Fans of the Detroit Pistons have been waiting patiently for news about Cade Cunningham, fearing the worst but hoping for the best.
The worst came to fruition yesterday when it was announced that Cade would have season-ending surgery on his shin:
To say this is disappointing would be a vast understatement, as Cade Cunningham is the franchise player and the main reason fans had optimism for this season and beyond.
There was hope that rest would be enough to heal his injury, and Cunningham was recently spotted getting some shots up, which buoyed that hope, but it didn’t last.
Obviously, we all want what is best for Cade and the team long term, but the news that he is officially out means that this will be a lost season for the Detroit Pistons in many ways.
Detroit Pistons: It’s a lost season without Cade Cunningham
The show will still go on and games will still be played, so it’s not like the Detroit Pistons are going to forfeit the rest of their games because their best player is out for the season.
They still have young players like Killian Hayes, Jaden Ivey, Jalen Duren, Isaiah Stewart, Saddiq Bey and Isaiah Livers who need developmental reps and will get plenty of them with Cade out. This could actually be better for guys like Hayes, who will get to run the offense and log starter’s minutes for the rest of the season.

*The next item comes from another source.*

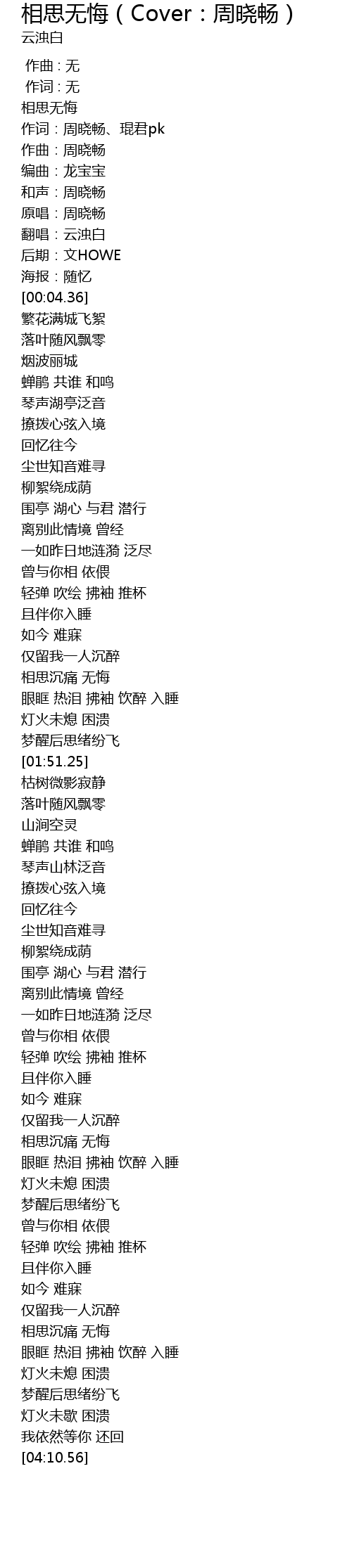 | [03:47.74] | 相思沉痛 无悔 |

But the truth is that these developmental minutes are really a half measure because they aren’t showing us how these parts work with Cade Cunningham, which is pretty much the only thing that matters.
Can Ivey thrive off the ball or should he come off the bench as the primary initiator and scorer? Is Killian Hayes better off in the starting lineup with Cade playing more off the ball? Is Cunningham more suited to be a playmaking wing than a point guard?
How does the pick-and-roll with Cade and Duren look? Can Bojan Bogdanovic help unlock Cade’s talents? Should they trade Bogdanovic or is the fit with Cade too good to pass up? These are all questions that we’ll have to wait on for another year and some of them will never be answered at all.
This was a rebuilding year for the Detroit Pistons with or without Cade Cunningham, but many of us were hoping we’d have a much better idea of the direction the franchise was going in after this season and that the young Pistons would really start to gel and build chemistry by the end of it.
Some of that can still happen, but evaluating this team without Cade is like evaluating a Ferrari without the engine in it.
The young players can and must make the most of their increased opportunity, but this is setback for the development of the team that now has far less data to go by when trying to make decisions next offseason.